Cast: Jaz Sinclair, Lizze Broadway, Maddie Phillips, London Thor, Derek Luh, Asa Germann, Sean Patrick Thomas, Hamish Linklater
Showrunner: Michele Fazekas
Language: English
Colleges in cinema are no longer about a boy and a girl and how they meet and fall in love. Hollywood especially has taken giant leaps with superhero sagas and sexually explicit comedies. After the success of The Boys, whose meme went bonkers on social media, we get another show in the same vein called Gen V that has been renewed for season two. Going by the trailer, its ambitions have taken giant leaps as the stakes have gone higher too. The visual effects are gorgeous and gruesome and the conflicts these college kids are thrown into are ghastly but gobsmacking to watch. It’s like a heady cocktail of all possible emotions.
What is the show about?
In the 1960s, Thomas Godolkin learned that some of his colleagues have taken the injections which have not been tested yet. They die of their side effects as Thomas is badly injured. Before he can pull the fire alarm, Thomas succumbed to his injuries.
After the fourth season of The Boys (2024), Marie Moreau (Sinclair) and the rest of her friends return to Godolkin after months of suffering, where a new dean (Linklater) trains Supes to be soldiers. On the brink of war between humans and Supes, the team discovers a program that could change everything.
First of all, what a kickass idea to make a series about America’s only college for superheroes. These superheroes do not necessarily wear capes but do carry swag right on their sleeves. There are multiple money shots in Gen V Season 2 worth your time and shots that show it has taken both time and tenacity to create what we ultimately witness.

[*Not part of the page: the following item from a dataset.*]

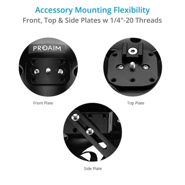 Má tiež predné, horné a bočné montážne dosky s viacerými závitmi 1/4”-20, ktoré podporujú rôzne možnosti upevnenia kamery, externého napájania a ďalšieho príslušenstva, ako je malé video svetlo alebo mikrofón.
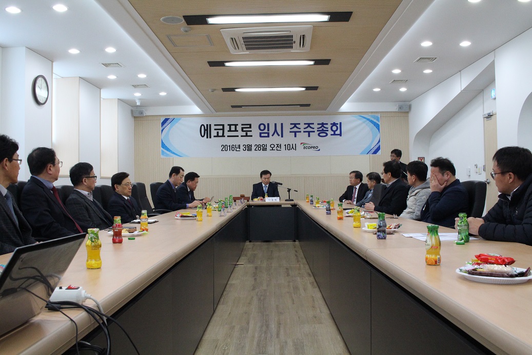 [공고] 제19기 임시주주총회 개최 2016.03.28 당사는 2016년 03월 28일 본사 회의실에서 전지부문 물적분할 승인을 위한 제 19기 임시주주총회를 개최하였습니다. 발행주식 총수의 37.5%가 참석하고 출석 주식 99.7%의 동의를 거쳐 금번 임시주총에 상정된 전지부문 물적분할 안건은 원안대로 승인되었습니다. 주주님들의 회사에 대한 성원과 관심, 따듯한 격려에 다시 한번 감사말씀 드립니다. 목록보기

But the question here is- Will the audiences, in India or abroad, ever have the patience to watch a web-series theatrically. This is because such thrilling VFX and pulsating action deserve the big screen and not a laptop or a mobile phone that can never do justice to the adrenaline. The series also makes time for humour in the conversation between students and that Harry Potter reference is a clincher. But what’s the point of laughing alone?
Will the makers be able to make their show a little more coherent and concise and turn it into a film? If there are possibilities of another season, hoping to see it as a film on the big screen. Avengers do need some competition.